X <- as.matrix(cbind(1, sat[, 1:4]))
hat_matrix <- X %*% solve(t(X) %*% X) %*% t(X)
hat_matrix[1:10, 1:4]
## Alabama Alaska Arizona Arkansas
## Alabama 0.09537668 -0.03073763 0.02806512 0.060804724
## Alaska -0.03073763 0.18030612 -0.00140838 -0.024199931
## Arizona 0.02806512 -0.00140838 0.04931612 0.029281289
## Arkansas 0.06080472 -0.02419993 0.02928129 0.053828781
## California 0.04934236 0.04489829 0.08491826 0.013020789
## Colorado 0.02929069 0.02035841 0.03524397 0.025135448
## Connecticut 0.03703401 0.09181368 -0.02471065 -0.015641013
## Delaware -0.02523557 0.04366914 0.01509440 -0.013618402
## Florida -0.05248402 0.02889058 0.04787050 -0.005452524
## Georgia 0.01579371 -0.05615508 0.02889423 0.013104875
## [1] 50 50
- Use R to confirm the properties of the hat matrix (symmetric, idempotent, positive semi-definite) for this study.
Symmetric:
## [1] TRUE
Idempotent:
## [1] TRUE
Positive semi_definite:
## [1] 1 1 1 1 1 0 0 0 0 0 0 0 0 0 0 0 0 0 0 0 0 0 0 0 0 0 0 0 0 0 0 0 0 0 0 0 0 0
## [39] 0 0 0 0 0 0 0 0 0 0 0 0
The hat matrix is positive semi-definite, because all of the eigenvalues are >= 0.
- Use the hat matrix found in (d) to compute the fitted Y-values. Compute the correlation between the Y-values and the fitted Y-values, and confirm that the square of the correlation coefficient is the same as the Multiple R-squared on the summary.
y <- as.matrix(sat$total)
# fitted Y-values
y_hat <- hat_matrix %*% y
# square of the correlation coefficient
cor(y, y_hat)^2
## [,1]
## [1,] 0.8245623
## [1] 0.8245623
- Use the hat matrix again to compute the sample residuals, then compute the residual standard error from those sample residuals. Check to see that it matches the residual standard error on the summary.
# sample residuals
res <- y - hat_matrix %*% y
# residual standard error
sqrt(sum(res^2) / (length(res) - 5))
## [1] 32.70199
##
## Call:
## lm(formula = total ~ expend + ratio + salary + takers, data = sat)
##
## Residuals:
## Min 1Q Median 3Q Max
## -90.531 -20.855 -1.746 15.979 66.571
##
## Coefficients:
## Estimate Std.

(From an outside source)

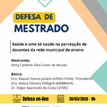 O Programa de Pós-Graduação em Estudos Fronteiriços convida para a Defesa Pública de Dissertação da mestranda: Anny Caroline Silva Funes de Arruda, a ser realizada no dia 30 de março de 2026, às 09:00, virtualmente, sob o título: “Saúde e uma só saúde na percepção de docentes da rede municipal de ensino“, contando com os […]

Error t value Pr(>|t|)
## (Intercept) 1045.9715 52.8698 19.784 < 2e-16 ***
## expend 4.4626 10.5465 0.423 0.674
## ratio -3.6242 3.2154 -1.127 0.266
## salary 1.6379 2.3872 0.686 0.496
## takers -2.9045 0.2313 -12.559 2.61e-16 ***
## ---
## Signif. codes: 0 '***' 0.001 '**' 0.01 '*' 0.05 '.' 0.1 ' ' 1
##
## Residual standard error: 32.7 on 45 degrees of freedom
## Multiple R-squared: 0.8246, Adjusted R-squared: 0.809
## F-statistic: 52.88 on 4 and 45 DF, p-value: < 2.2e-16
- Compute simultaneous confidence intervals for the coefficients of all predictors, with an overall significance of 92%. Use the information from the summary to calculate these.
## 40.8 % 59.2 %
## (Intercept) 1033.596838 1058.346233
## expend 1.994073 6.931115
## ratio -4.376833 -2.871631
## salary 1.079158 2.196677
## takers -2.958609 -2.850352
Problem 2
For the linear model in Problem 1, complete the general test for the whole model (all predictors). State each of the following:
- the full and reduced models
Full model:
\(total = \beta_0 + \beta_1expend + \beta_2ratio + \beta_3salary + \beta_4takers + \epsilon\)
Reduced model:
\(total = \beta_0 + \epsilon\)
- both hypotheses
\(H_0: \beta_1 = \beta_2 = \beta_3 = \beta_4 = 0\)
\(H_a: \beta_j \neq 0\) for at least one value of \(j = 1, 2, 3, 4\)
- the ANOVA table
## Analysis of Variance Table
##
## Model 1: total ~ expend + ratio + salary + takers
## Model 2: total ~ 1
## Res.Df RSS Df Sum of Sq F Pr(>F)
## 1 45 48124
## 2 49 274308 -4 -226184 52.875 < 2.2e-16 ***
## ---
## Signif. codes: 0 '***' 0.001 '**' 0.01 '*' 0.05 '.' 0.1 ' ' 1
- the value of the test statistic
F = 52.875
- the p-value
p-value < 2.2e-16
- the decision based on the p-value
We reject the null hypothesis at 5% level of significance because p-value < 0.05.
- an interpretation of the decision
The full model fits the data statistically significantly better than the intercept-only model.